Unfortunately, given these comments (1-4), I find that the authors have not provided convincing support for their argument at l. 112-14, and their conclusion at l. 120-126.
l. 197 and Fig 3: I think this figure lacks rationale and I would differ in my interpretation of the results.
(1) l. 194-196: "Overall, unlike the global trend of rising SSTs observed in several studies, especially highlighting the marked post-industrial warming (e.g., Neukom et al. 2019), the SW Atlantic shows an opposite pattern with a cooling trend from 1850 to 2020 (Fig. 2)." With only a single boxplot in Fig 2 for post-1850 data, this cannot be judged. The results in Fig 3 (blue line) seem to indicate that all values are cold relative to the 1961-1990 mean, and perhaps this is not surprising, as the 1961-1990 period postdates the vast majority of the data in the series.

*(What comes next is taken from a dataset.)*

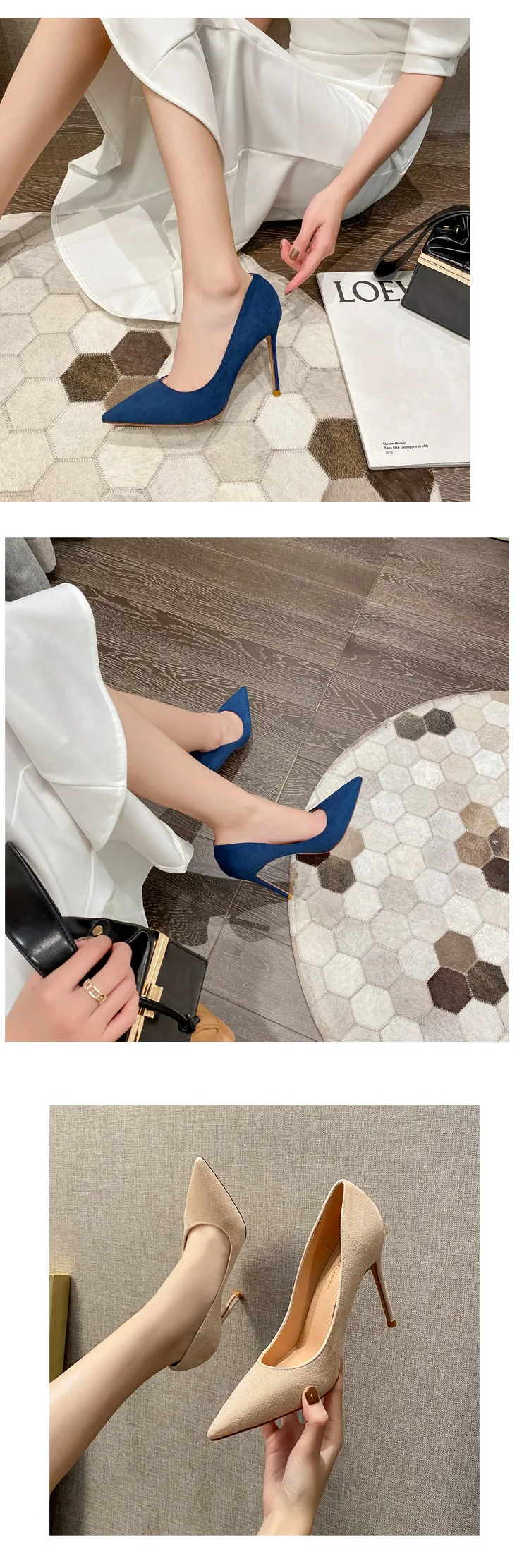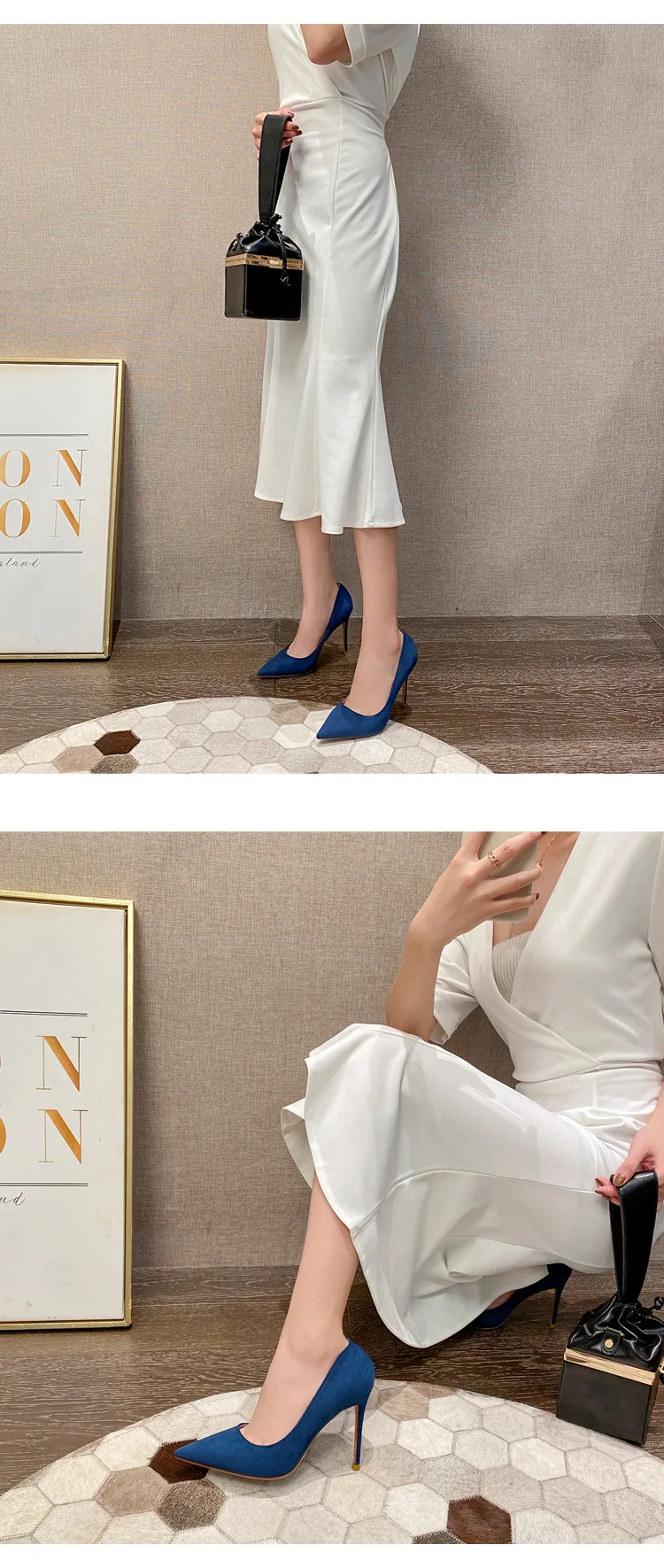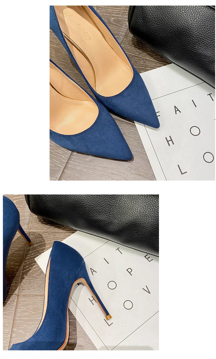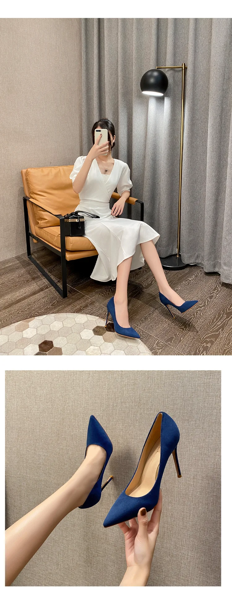 Introducing our newest addition to our collection - the 6cm Fashion New Thin High Heel Flock Pointed Toe Pumps. These stylish and elegant pumps are perfect for any occasion, from a banquet to a night out on the town. Available in a beautiful blue color, these shoes are designed to make a statement. With a comfortable 6cm heel and a pointed toe, these pumps provide the perfect balance of fashion and functionality. Made with premium materials, these shoes are a must-have for any fashion-forward woman. Don't miss out on this limited time offer and get your perfect fit today!

But if anomalies were calculated relative to the 1961-1990 mean, and these remain 2-3 degrees colder than that reference period through the temporal overlap period (Fig 3) - something seems wrong. please check if there might be a mistake in the figure?
(2) Fig 3, time series: how was this constructed? Are there uncertainty estimates on the x and y axes? See also comments on introduction to the reconstructions and apply that information to the revision of this figure. The boxplot composite formulation used in Figs 2 and 4 might usefully enable representation of age and observational uncertainty here.
(3) It's unclear to me why a Southern Hemisphere and global average SST record would be comparable to the SW Atlantic anomaly series, but the legend gives me too little information to understand what is here. Are the SH and GL averages from historical gridded estimates? I don't find Kennedy et al (2019) in the reference list. I don't know how the averages were made. Earlier there was reference to "summer" values; is summer also used for creating these averages?
(4) The scale of variation for the regional composite is a factor of 4x greater. If the imprint of forced climate change locally is roughly the same as on global SST (regress the global SST field on the global SST time series to find out), then is it possible that the unforced variability, for coastal locations in this region, especially for shallow water depths, is more atmospherically and therefore stochastically controlled? In which case you might expect to see what is in the blue line: no change over the historical period and a high level of interannual variability which is overlain by variability associated with changing sampling resolution for the reconstructions.
4. Summary and conclusions
l. 128-137: I can agree with the first 2 sentences. The third is not supported by evidence presently provided in the manuscript, and might be contradicted by evidence that is presented. The fourth could be true but is not supported by data analysis, and is not currently accessible by data and metadata provided with the manuscript, but could be.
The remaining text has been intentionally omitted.